← Back to context

Comment by prepend

2 years ago

“Free” means something. If you want to stop people distributing your software through a site that has ads, then it’s not “free.”

“Open source” means something too. The control people have is in using shared definitions.

Language is malleable, so if enough people use a word incorrectly it changes the definition. But those people get to be called wrong for years until enough people misuse it to make it right.

You're redefining big-F "Free" software as defined by the GPL, which aims to give users freedom to change their software - and is indifferent to; at best, restricts at the worst, the rights of intermediate software developers who inject themselves between Free software and users by choosing to redistribute or allow their software to be infected by the GPL bits.
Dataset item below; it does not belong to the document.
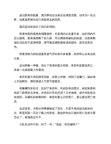 赵法医略一停顿,说出了死者的真正死因:朱胜利是窒息死亡,

IMO, MIT & BSD give downstream developers more rights and are indifferent to end-users. GPL gives users more rights, and indifferent to downstream developers.

You have one definition, of "free" but its not the only reasonable one.
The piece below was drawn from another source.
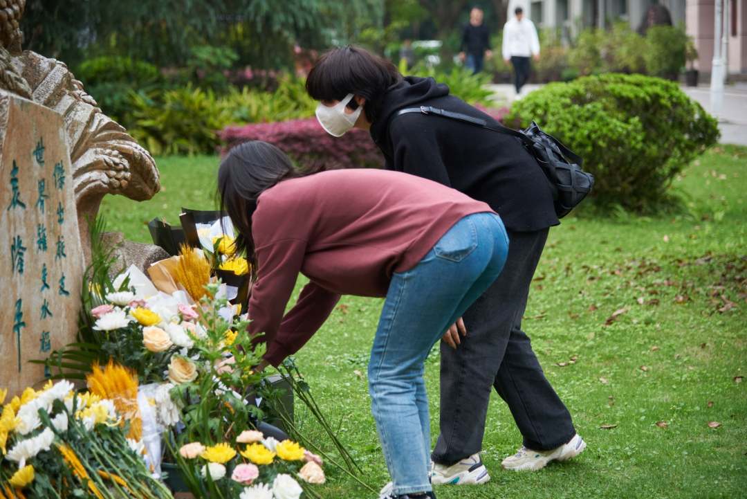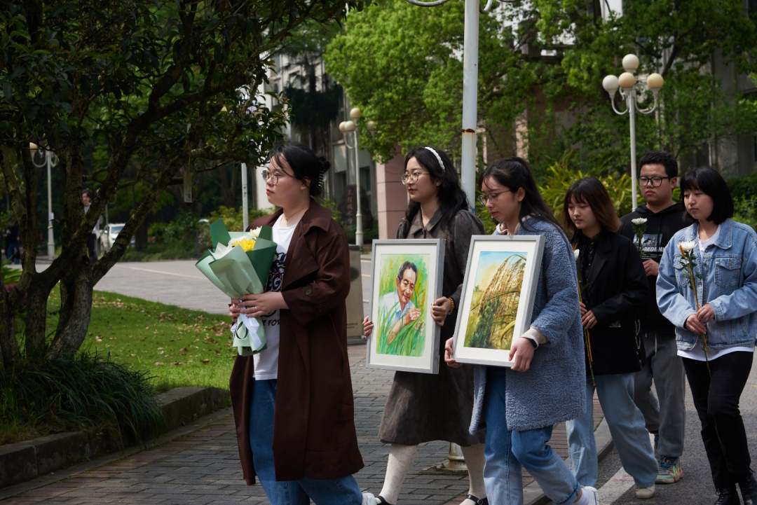 美术学院的学生还通过画像的方式缅怀校友,志愿者们在食堂发起“光盘”行动,分发一些自制的纪念品,鼓励同学们节约粮食。

Is MIT not free because it requires attribution? Is no code free because it cannot be used in ways that break the law?

Just because there are some restrictions does not make it completely unfree, and its fair for people to want to use what is the most natural word to refer to thing that are free enough for them. "OSI-approved" works if you want to be precise but one org does not have the right to dictate the use of a word as common as "open".

There is no valid freedom to abuse. It's like complaining that you're not free to enslave. It's not a valid argument.